- **TASK ITEM**
Write out nothing but the lines from the one containing "A rural landscape" through the last line below, both included, and without the pictures.

Saved data entries:

□ □ □ □ □ □ □

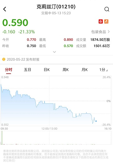 智通财经APP获悉,克莉丝汀(01210)近期成为市场资金爆炒标的,近两日内股价一度暴涨9倍。今日早盘最大曾涨18%,随后逐渐回落转跌,尾盘跌超24%,振幅达42.67%。截至发稿,跌22.67%,报0.58港元,成交额1502.21万港元。
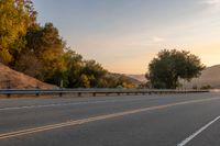 A rural landscape at dawn. The road surface, lined with Armco barriers and guard rails, stretches towards the horizon. The asphalt reflects the colorful sky as clouds float above the hills.
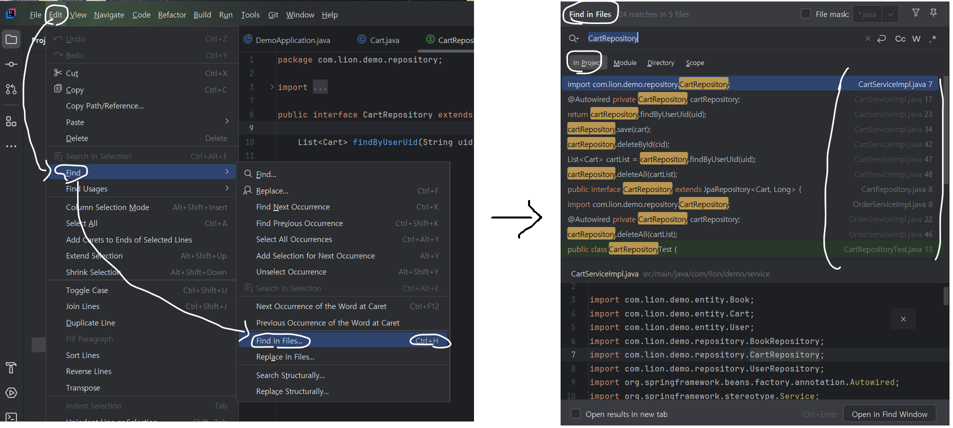 프로젝트 전체에서 특정 문자열 검색
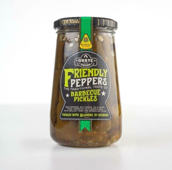 - Padronska paprika, kis, 4% začimbe AllBrine (sol, sladkor, zelena, čebula, korenček, brinove jagode, kumina, gorčica, poper, por, piment, semena komarčka, čili, lovor), sladkor, naravne arome.
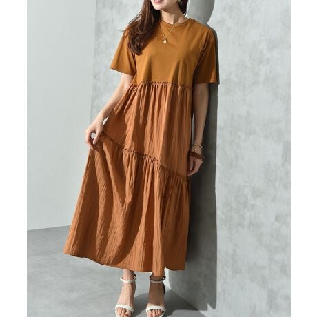 生地を贅沢に使ったボリューム感のあるシルエットが大人な印象に見せてくれます。裾にかけてふわりと広がるエアリーなボリューム感が女性らしく、長めの半袖も気になる二の腕をカバーしてくれる嬉しいポイントです。身頃と袖に通気性・吸水性に優れたコットンを使用。スカート部分は綺麗な落ち感のあり、柔らかく肌触りの良いレーヨン素材が特徴です。洗うたびに肌になじむ独特な風合いとナチュラルな風合いをお楽しみいただけます。カラーは長いシーズン使えるブラウンとチャコールグレーをご用意しました。
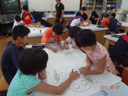 模型を見たり、自分の体を触ったり、確認しながら模造紙にかきこんでいます。
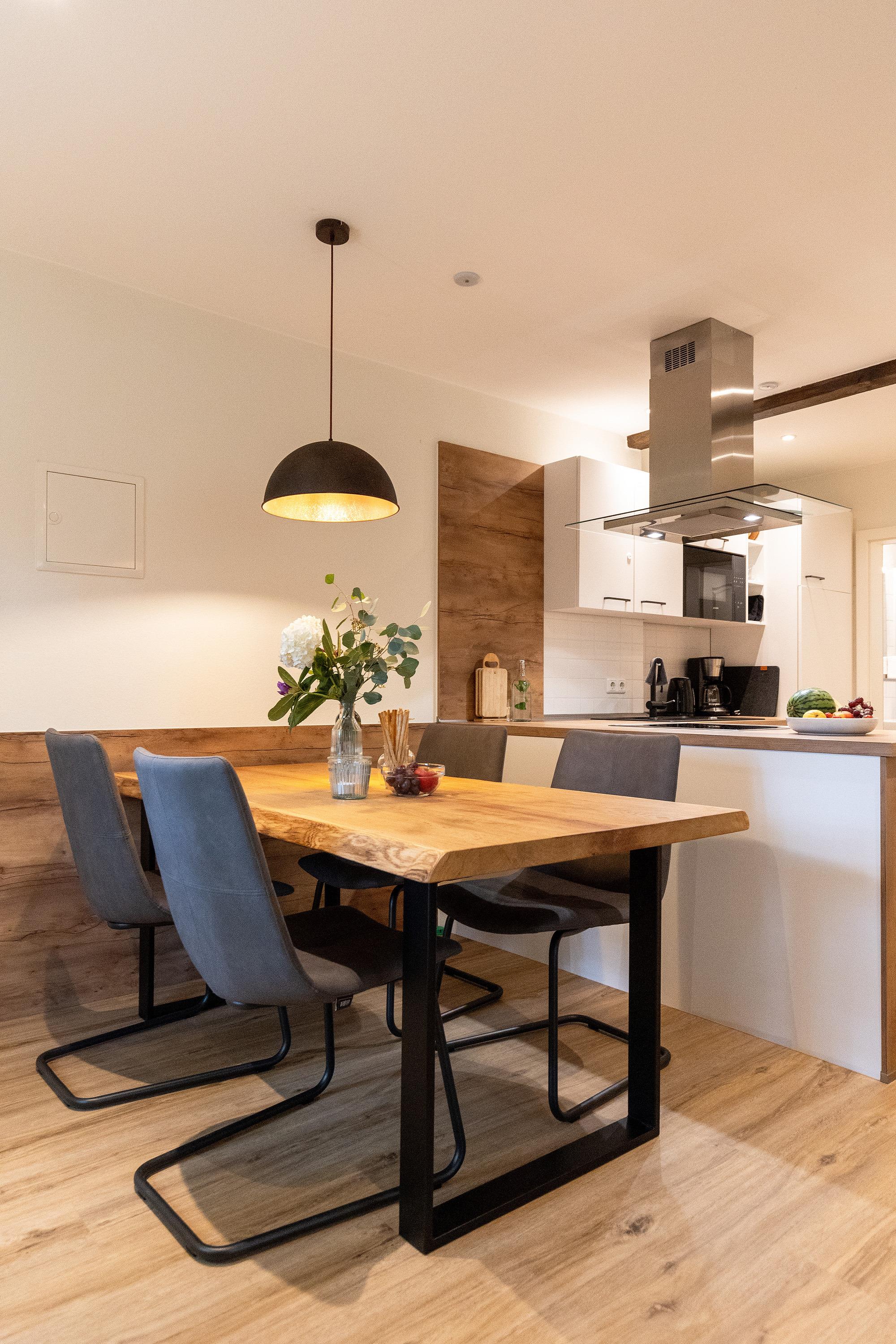 Das Fachwerkhaus war der alte Kuhstall des Hofes, der Anfang der 70er Jahre von der Hofmitte ab- und hier wiederaufgebaut wurde. Anfangs ungenutzt, sind hier seit 1974 vier Ferienwohnungen beheimatet die liebevoll im Landhausstil eingerichtet sind und regelmäßig renoviert werden. Die Wohnungen unten bieten je Platz für bis 6 Personen mit Nutzung Schlafcouch, und die gemütlichen oberen Wohnungen je bis 4Personen mit Nutzung Schlafcouch. Zur Verfügung stehen 2 Terrassen sowie ein Garten mit ausreichend Sitzmöglichkeiten. Parkplätze befinden sich direkt vor dem Haus.
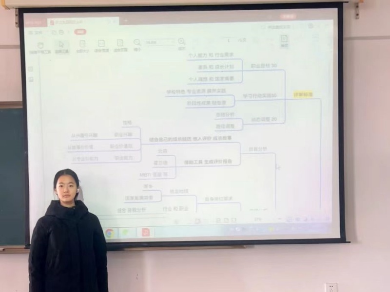 宣讲会上,徐晓燕同学围绕职业生涯规划的重要性、规划步骤及实施策略等方面进行了详细阐述。她结合自身的参赛经历和具体案例,分享了如何在职业生涯规划中挖掘自身潜力、明确职业目标、制定实施计划以及应对挑战等实用技巧。徐晓燕同学的分享不仅内容丰富、条理清晰、语言生动、易于理解。这些宝贵的经验和心得,对于即将参加大赛的同学们来说,无疑是一笔难得的财富。在宣讲过程中,她还积极与同学们进行互动交流,耐心解答大家提出的问题和困惑,进一步增强了宣讲活动的针对性和实效性。

□ □ □ □ □ □ □

- **RESPONSE BOX**
 A rural landscape at dawn. The road surface, lined with Armco barriers and guard rails, stretches towards the horizon. The asphalt reflects the colorful sky as clouds float above the hills.
 프로젝트 전체에서 특정 문자열 검색
 - Padronska paprika, kis, 4% začimbe AllBrine (sol, sladkor, zelena, čebula, korenček, brinove jagode, kumina, gorčica, poper, por, piment, semena komarčka, čili, lovor), sladkor, naravne arome.
 生地を贅沢に使ったボリューム感のあるシルエットが大人な印象に見せてくれます。裾にかけてふわりと広がるエアリーなボリューム感が女性らしく、長めの半袖も気になる二の腕をカバーしてくれる嬉しいポイントです。身頃と袖に通気性・吸水性に優れたコットンを使用。スカート部分は綺麗な落ち感のあり、柔らかく肌触りの良いレーヨン素材が特徴です。洗うたびに肌になじむ独特な風合いとナチュラルな風合いをお楽しみいただけます。カラーは長いシーズン使えるブラウンとチャコールグレーをご用意しました。
 模型を見たり、自分の体を触ったり、確認しながら模造紙にかきこんでいます。
 Das Fachwerkhaus war der alte Kuhstall des Hofes, der Anfang der 70er Jahre von der Hofmitte ab- und hier wiederaufgebaut wurde. Anfangs ungenutzt, sind hier seit 1974 vier Ferienwohnungen beheimatet die liebevoll im Landhausstil eingerichtet sind und regelmäßig renoviert werden. Die Wohnungen unten bieten je Platz für bis 6 Personen mit Nutzung Schlafcouch, und die gemütlichen oberen Wohnungen je bis 4Personen mit Nutzung Schlafcouch. Zur Verfügung stehen 2 Terrassen sowie ein Garten mit ausreichend Sitzmöglichkeiten. Parkplätze befinden sich direkt vor dem Haus.
 宣讲会上,徐晓燕同学围绕职业生涯规划的重要性、规划步骤及实施策略等方面进行了详细阐述。她结合自身的参赛经历和具体案例,分享了如何在职业生涯规划中挖掘自身潜力、明确职业目标、制定实施计划以及应对挑战等实用技巧。徐晓燕同学的分享不仅内容丰富、条理清晰、语言生动、易于理解。这些宝贵的经验和心得,对于即将参加大赛的同学们来说,无疑是一笔难得的财富。在宣讲过程中,她还积极与同学们进行互动交流,耐心解答大家提出的问题和困惑,进一步增强了宣讲活动的针对性和实效性。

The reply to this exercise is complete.